Automated technology gone wrong

Written by Adrian Holovaty on August 19, 2002

Forgot to mention something about the New York Times article I highlighted in today's lunchtime links. This article serves as an example of automated technology gone wrong. In the second-to-last graf, the word Northwestern (in "The Daily Northwestern") is linked to a company profile on Northwestern Corp. Clearly nytimes.com automatically links any occurrence of the word "Northwestern" to that company profile page. Silly inaccuracies like these damage a news site's credibility. An irrelevant link is just as bad as a misspelled word in a headline.

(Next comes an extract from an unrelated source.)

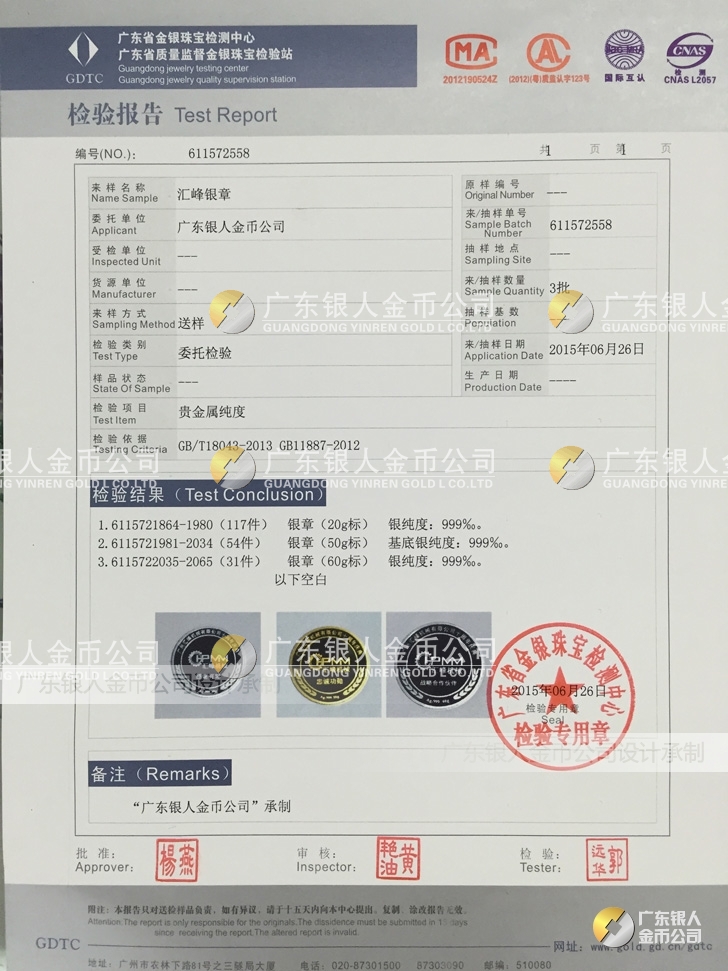 【金銀品質】 國家檢測鑒定、真假防偽查詢

How would nytimes.com staff members fix such an error? Does their content-management system allow producers to bypass the auto-linking for a particular story? That'd be an easy fix. If not, I fear the only other possible solution, short of turning off the auto-linking sitewide, would be to rewrite the story so that the word "Northwestern" wasn't included. I doubt they'd go that far, but this is an interesting case of journalists being at the mercy of imperfect technology.

Comments

Posted by Sara on August 20, 2002, at 4:16 p.m.:

One time I was reading an article about obesity on nytimes.com and a related link was "Fat Cats in Big Business" or something like that. Totally unrelated. Automating that feature can speed the job for the production team, but a human should at least glance at the "related links" before giving them the OK. Really obvious errors could be easily omitted.